允许 Java JDK 11 HttpClient 的不安全 HTTPS 连接
Allow insecure HTTPS connection for Java JDK 11 HttpClient
有时需要允许不安全的 HTTPS 连接,例如在一些应该适用于任何站点的网络爬虫应用程序中。我在 JDK 中使用了 one such solution with old HttpsURLConnection API which was recently superseded by the new HttpClient API 11. 使用这个新 API 允许不安全的 HTTPS 连接(自签名或过期证书)的方法是什么?
UPD:我试过的代码(在 Kotlin 中但直接映射到 Java):
val trustAllCerts = arrayOf<TrustManager>(object: X509TrustManager {
override fun getAcceptedIssuers(): Array<X509Certificate>? = null
override fun checkClientTrusted(certs: Array<X509Certificate>, authType: String) {}
override fun checkServerTrusted(certs: Array<X509Certificate>, authType: String) {}
})
val sslContext = SSLContext.getInstance("SSL")
sslContext.init(null, trustAllCerts, SecureRandom())
val sslParams = SSLParameters()
// This should prevent host validation
sslParams.endpointIdentificationAlgorithm = ""
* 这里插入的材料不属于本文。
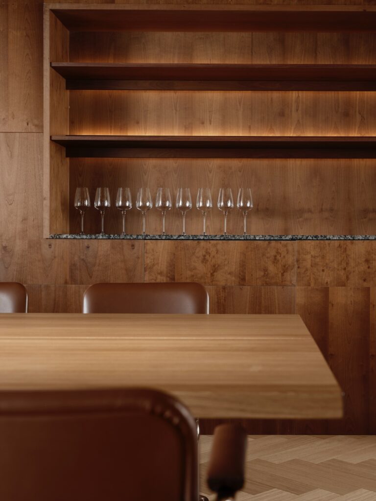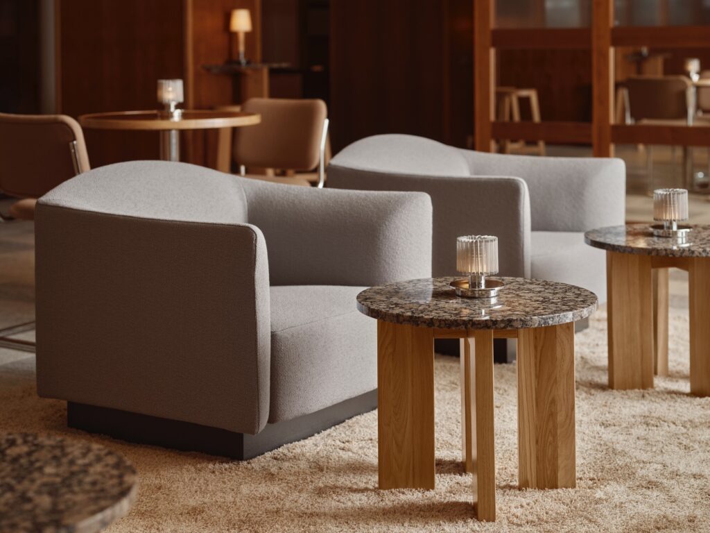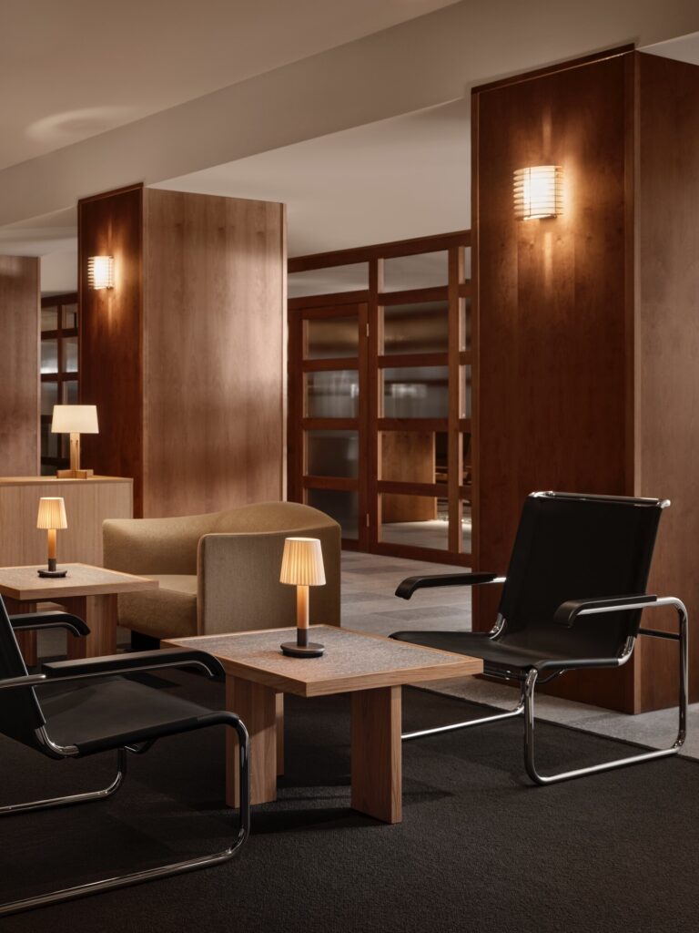 Os apliques de parede existentes foram restaurados e reposicionados para se adequarem ao novo ritmo espacial. Os novos elementos foram selecionados pensando na durabilidade, inspirados nos tons suaves do outono da Lapónia e fundamentados no uso generoso da madeira. Formas claras e materiais autênticos criam um ritmo calmo e contemporâneo.

httpClient = HttpClient.newBuilder()
.sslContext(sslContext)
.sslParameters(sslParams)
.build()
但是在发送时出现异常(尝试使用自签名证书在本地主机上):
java.io.IOException: No name matching localhost found
使用 IP 地址而不是本地主机给出 "No subject alternative names present" 异常。
在对 JDK 进行一些调试后,我发现 sslParams 在抛出异常的地方确实被忽略了,并且使用了一些本地创建的实例。进一步的调试显示影响主机名验证算法的唯一方法是将 jdk.internal.httpclient.disableHostnameVerification system 属性 设置为 true。这似乎是一个解决方案。上面代码中的SSLParameters没有任何作用所以这部分可以舍弃。使其仅在全局范围内可配置看起来像是新 HttpClient API.
中的严重设计缺陷
使用 Java 11,您也可以使用 HttpClient 构建的 as mentioned in the selected answer in the link shared 做类似的工作:
HttpClient httpClient = HttpClient.newBuilder()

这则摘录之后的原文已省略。